The input is from the standard input and the output goes to the
standard output. Each sequence is on a single line, must be preceded
by the name of the sequence, and can contain the following characters:
letters indicated in the alphabet information (see below), a dash
corresponding to an internal gap, a period corresponding to a terminal
gap, and '$' and '&' corresponding to dummy alignment characters (when
the -d option is used). Each sequence must have the same number of
characters. Spaces, integers, slashes, backslashes, and apostrophes
are ignored. In addition, comment lines beginning with a ';', '#', or
'%' are ignored.
OPTIONS
0) -h: print these directions.
1) General information
-v: print the output as a vertical matrix in which the columns
correspond to the letters and the rows correspond to the
positions within the alignment. The default is to print the
output as a horizontal matrix in which the rows correspond
to the letters and the columns correspond to the positions
within the alignment.
-d: sequences may contain the dummy alignment characters "$" and "&".
-i: do not print columns containing dummy alignment characters.
2) Options determining whether the alignment matrix should contain a gap
and correlation rows.
DEFAULT: if the alignment does not contain gaps, do not print gap or
correlation rows; if the alignment contains gaps, print both
gap and correlation rows.
-cn: do not print correlation rows; if no gaps, do not print the gap row.
-g: do not print the correlation rows; print the gap row,
even if no gaps are in the alignment.
-cg: print the gap and correlation rows,
even if no gaps are in the alignment.
3) Alphabet options
The next two options are mutually exclusive (default: "-a alphabet").
-a filename: file containing the alphabet and normalization information.
Each line contains a letter (a symbol in the alphabet) followed by
an optional normalization number (default: 1.0). THE NORMALIZATION
IS NOT USED IN THIS PROGRAM, but this format is retained to
maintain compatibility with my other programs. The normalization is
based on the relative prior probabilities of the letters. For
nucleic acids, this might be be the genomic frequency of the bases.

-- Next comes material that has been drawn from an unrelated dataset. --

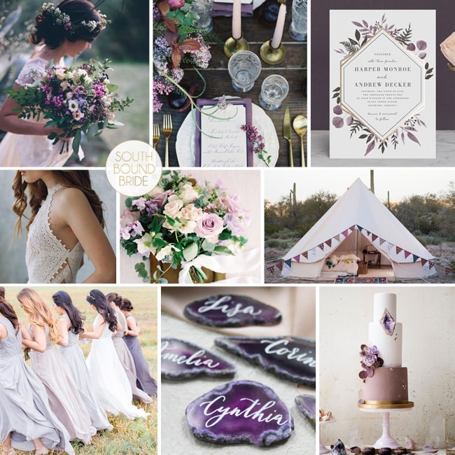 Row 3: Bridesmaids in purple tones (Reverie Supply/For Her and For Him) | Agate slice place cards (Golden Hour Paper Co.) | Cake with geode detail (Chaz Cruz Photographers/Diana Lin/Silk Cakes)

In nucleic acid alphabets, a letter and its complement appear on
the same line, separated by a colon (a letter can be its own
complement, e.g. when using a dimer alphabet). Complementary
letters may use the same normalization number. Only the
standard 26 letters are permissible; however, when the "-CS" option is
used, the alphabet is case sensitive so that a total of 52 different
characters are possible.
POSSIBLE LINE FORMATS WITHOUT COMPLEMENTARY LETTERS:
letter
letter normalization
POSSIBLE LINE FORMATS WITH COMPLEMENTARY LETTERS:
letter:complement
letter:complement normalization
letter:complement normalization:complement's_normalization
-A alphabet_and_normalization_information: same as "-a" option, except
information appears on the command line (e.g., -A a:t 3 c:g 2).
4) Alphabet modifier indicating whether ascii alphabets are case
sensitive (default: ascii alphabets are case insensitive).
-CS: ascii alphabets are case sensitive.